See the table below for the clock rates. The radio clock rate depends on the master clock rate.
E31x
Clock Name | Description | Frequency |
---|---|---|
rfnoc_chdr |
RFNoC CHDR clock | 100 MHz |
dram |
DRAM interface clock | 100 MHz |
radio |
Radio interface clock | Same as master clock rate |
E320
Clock Name | Description | Frequency |
---|---|---|
rfnoc_chdr |
RFNoC CHDR clock | 200 MHz |
dram |
DRAM interface clock | 166.667 MHz |
radio |
Radio interface clock | Same as master clock rate (200 kHz to 61.44 MHz) |
N300/N310
Clock Name | Description | Frequency |
---|---|---|
rfnoc_chdr |
RFNoC CHDR clock | 200 MHz |
dram |
DRAM interface clock | 303.189 MHz |
radio |
Radio interface clock | Same as master clock rate (122.88 MHz, 125.0 MHz, or 153.6 MHz) |
N32x
Clock Name | Description | Frequency |
---|---|---|
rfnoc_chdr |
RFNoC CHDR clock | 187.5 MHz |
dram |
DRAM interface clock | 303.819 MHz |
radio |
Radio interface clock | Same as master clock rate (200 MHz, 245.76 MHz, or 250 MHz) |
X310
Clock Name | Description | Frequency |
---|---|---|
rfnoc_chdr |
RFNoC CHDR clock | 187.5 MHz |
ce |
Compute Engine clock | 214.286 MHz |
dram |
DRAM interface clock | 300 MHz |
radio |
Radio interface clock | Same as master clock rate (184.32 MHz or 200 MHz) |
X410
Clock Name | Description | Frequency |
---|---|---|
rfnoc_chdr |
RFNoC CHDR clock | 200 MHz |
dram |
DRAM interface clock | 250 MHz |
radio |
Radio interface clock | 122.88 MHz when master clock rate is 122.88, 245.76, or 491.52 MHz 125 MHz when master clock rate is 125, 250, or 500 MHz |
radio_2x |
Radio interface clock 2x | Twice the frequency of radio_clk
|
How do I add a clock with a different frequency?

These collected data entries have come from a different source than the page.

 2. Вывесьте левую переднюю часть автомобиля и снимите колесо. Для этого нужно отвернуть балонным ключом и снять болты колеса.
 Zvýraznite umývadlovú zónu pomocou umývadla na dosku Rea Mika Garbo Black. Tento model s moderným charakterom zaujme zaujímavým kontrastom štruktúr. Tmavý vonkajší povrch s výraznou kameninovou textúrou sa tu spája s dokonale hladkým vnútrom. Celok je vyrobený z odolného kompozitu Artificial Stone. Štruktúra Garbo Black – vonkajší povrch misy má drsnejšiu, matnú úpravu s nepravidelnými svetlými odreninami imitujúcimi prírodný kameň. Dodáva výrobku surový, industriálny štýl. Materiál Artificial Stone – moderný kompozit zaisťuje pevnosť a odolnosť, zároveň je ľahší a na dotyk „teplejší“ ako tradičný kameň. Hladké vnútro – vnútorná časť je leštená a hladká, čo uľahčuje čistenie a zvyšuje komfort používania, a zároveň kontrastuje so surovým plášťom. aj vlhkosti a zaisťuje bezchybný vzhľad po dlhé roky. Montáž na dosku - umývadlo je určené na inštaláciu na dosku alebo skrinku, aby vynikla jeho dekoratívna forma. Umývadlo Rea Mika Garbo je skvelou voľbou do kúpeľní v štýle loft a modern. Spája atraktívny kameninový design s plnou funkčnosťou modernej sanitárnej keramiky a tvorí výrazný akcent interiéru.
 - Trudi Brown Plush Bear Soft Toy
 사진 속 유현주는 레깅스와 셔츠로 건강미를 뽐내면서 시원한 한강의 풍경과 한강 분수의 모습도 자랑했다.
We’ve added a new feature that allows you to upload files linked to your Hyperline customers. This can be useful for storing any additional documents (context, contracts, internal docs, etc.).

Adding custom clocks is not directly supported yet. Describing them in the YAML file will not cause them to be generated for you. If you can't use any of the available clocks, you can modify the HDL code to generate a clock.
If you only need the clock within your own RFNoC block, you can modify the HDL for your block to generate the clock that you need from one of the available clocks. To do this, add a new clock to your block's YAML description, connect the available clock to your block in the YAML description of your RFNoC image, then add a Xilinx MMCM IP instance to your block's HDL and connect the available clock to its input.

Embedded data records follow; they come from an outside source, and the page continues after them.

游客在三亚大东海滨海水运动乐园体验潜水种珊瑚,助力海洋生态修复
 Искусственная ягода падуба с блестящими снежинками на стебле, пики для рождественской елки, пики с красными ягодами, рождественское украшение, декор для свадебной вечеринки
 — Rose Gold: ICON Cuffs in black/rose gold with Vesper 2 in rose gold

If the clock is needed by multiple RFNoC blocks, or if you want to change an existing clock, you can modify the HDL for the USRP you are using to add or change a clock. If you add a new clock to the RFNoC image core, you must also update the BSP YAML file (located in <repo>/host/include/uhd/rfnoc/core) so that the rfnoc_image_builder
knows that the clock exists. How and where the clocks are generated varies between USRPs. Please refer to the source code for that USRP (<repo>/fpga/usrp3/top).